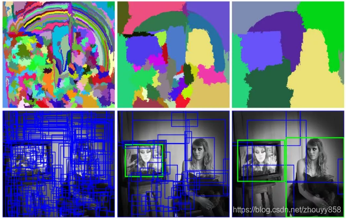 选择性搜索:我们不使用暴力方法,而是用候选区域方法创建目标检测的感兴趣区域(ROI)。我们首先将每个像素作为一组。然后,计算每一组的纹理,并将两个最接近的组结合起来。但是为了避免单个区域吞噬其他区域,我们首先对较小的组进行分组。我们继续合并区域,直到所有区域都结合在一起。下图第一行展示了如何使区域增长,第二行中的蓝色矩形代表合并过程中所有可能的 ROI。
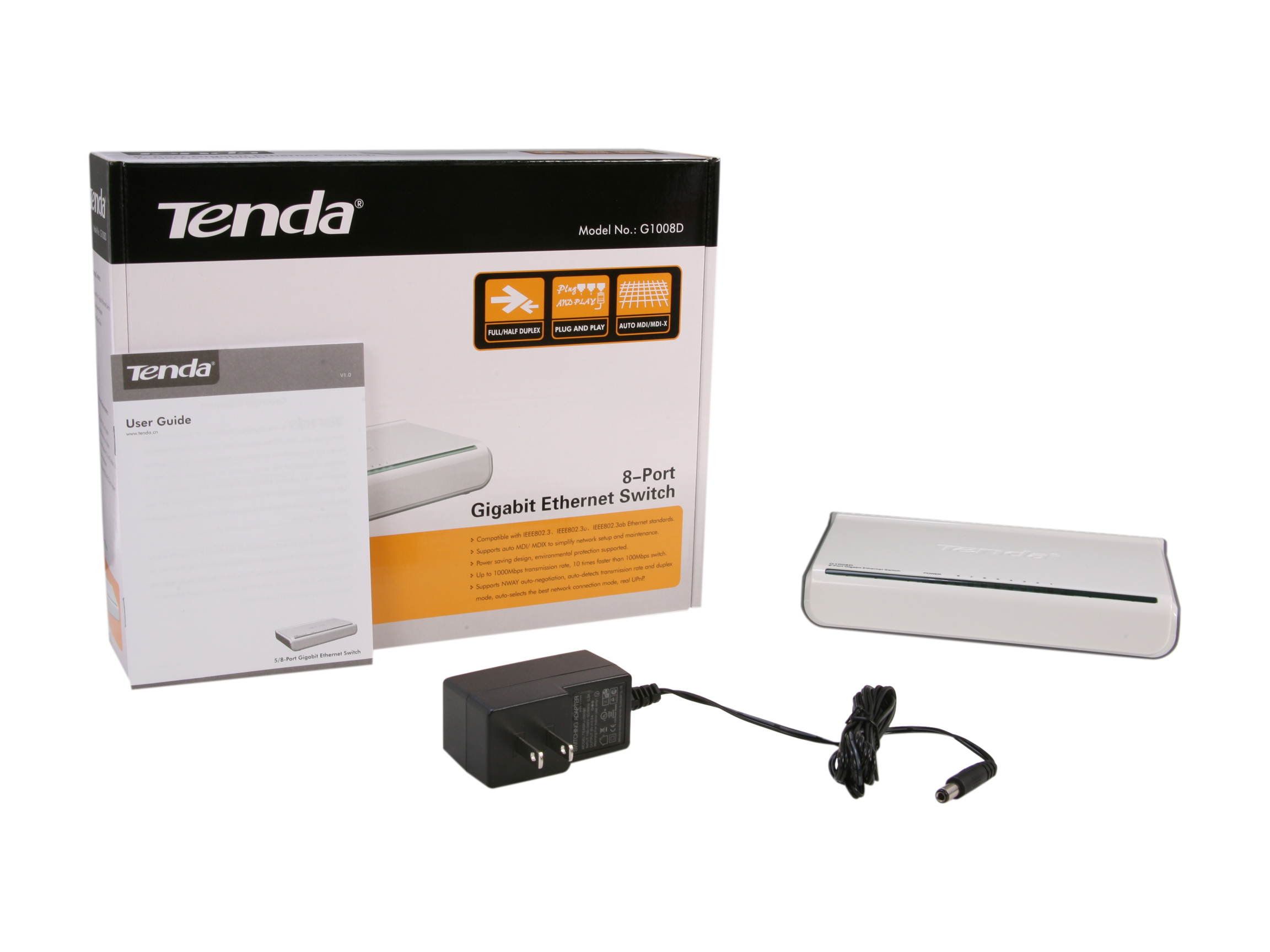| Package Contents | G1008D 8-Port Gigabit Ethernet Switch One Power Adapter One User Guide |
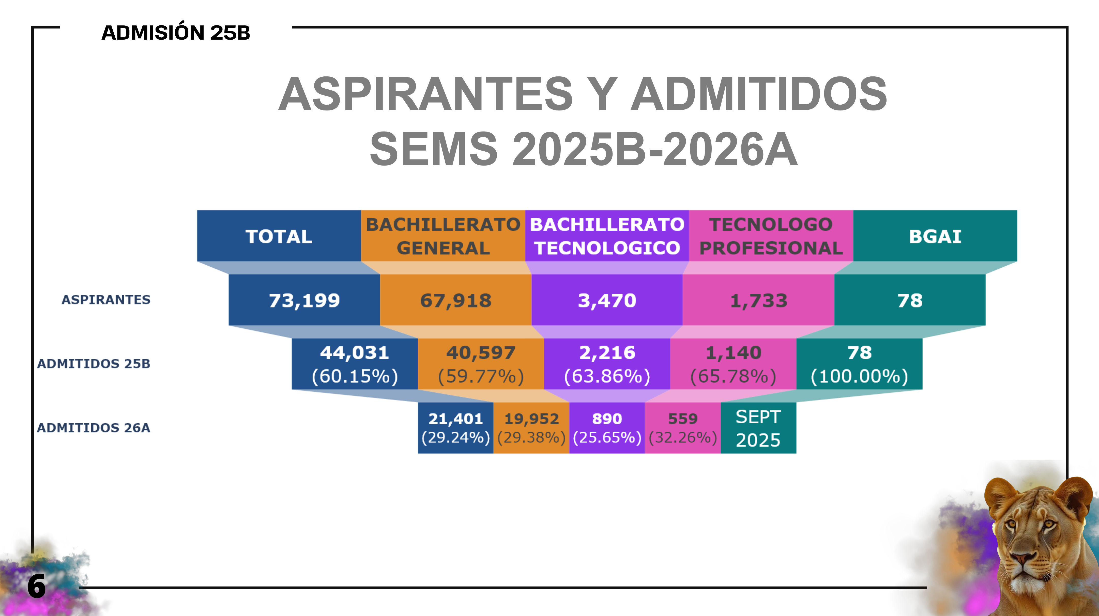 La Directora de Trámite y Control Escolar del SEMS, licenciada Diana Gómez Guerrero, informó que 65 mil 432 aspirantes fueron admitidos y más de 60 por ciento de ellos se integrarán a las aulas de las 178 sedes del SEMS durante este calendario, mientras que el 40 por ciento restante se incorporará en el mes de enero, para el calendario 2026-A.

TO DO >> Print all of the data exactly, and do not carry over any pictures.

EXERCISE RESPONSE >>
 选择性搜索:我们不使用暴力方法,而是用候选区域方法创建目标检测的感兴趣区域(ROI)。我们首先将每个像素作为一组。然后,计算每一组的纹理,并将两个最接近的组结合起来。但是为了避免单个区域吞噬其他区域,我们首先对较小的组进行分组。我们继续合并区域,直到所有区域都结合在一起。下图第一行展示了如何使区域增长,第二行中的蓝色矩形代表合并过程中所有可能的 ROI。
| Package Contents | G1008D 8-Port Gigabit Ethernet Switch One Power Adapter One User Guide |
 La Directora de Trámite y Control Escolar del SEMS, licenciada Diana Gómez Guerrero, informó que 65 mil 432 aspirantes fueron admitidos y más de 60 por ciento de ellos se integrarán a las aulas de las 178 sedes del SEMS durante este calendario, mientras que el 40 por ciento restante se incorporará en el mes de enero, para el calendario 2026-A.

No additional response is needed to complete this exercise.